Boire un coup à l'abri des intempéries, c'est pour demain. A partir du mercredi 9 juin, de nombreux lieux fermés depuis des mois, comme les salles de sports ou les bars, pourront à nouveau accueillir du public en intérieur. Mais cette réouverture s'accompagne d'un protocole sanitaire supplémentaire : pour accéder à ces lieux clos, il sera nécessaire de s'inscrire dans un carnet permettant d'être contacté en cas de contamination.

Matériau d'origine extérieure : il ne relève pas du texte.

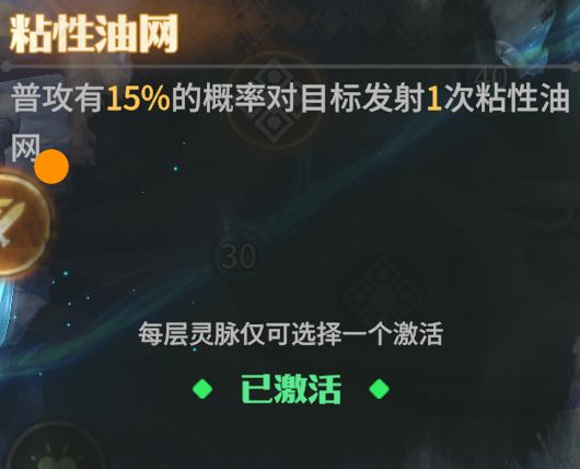 可以看出来同级别上下两条灵脉之间是有较大的功能性差异的,各位玩家可以酌情根据自身思路和战场环境进行自由搭配。同时50级的灵脉,又能与40级的灵脉形成配合,配合之后形成更强的效果。如下图中的普攻对粘性油网中的单位造成额外伤害。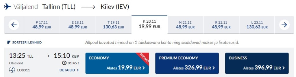 Tallinn-Kiiev 20€

Déjà expérimentée à l'automne dernier, cette mesure se modernise avec l'arrivée de l'été, puisque vous pourrez utiliser l'application TousAntiCovid pour scanner un QR code dans ces établissements. Attention : ce système est différent de celui du pass sanitaire, qui vise à attester d'une vaccination, d'un test de dépistage négatif ou d'un rétablissement du Covid-19 pour accéder à certains grands événements.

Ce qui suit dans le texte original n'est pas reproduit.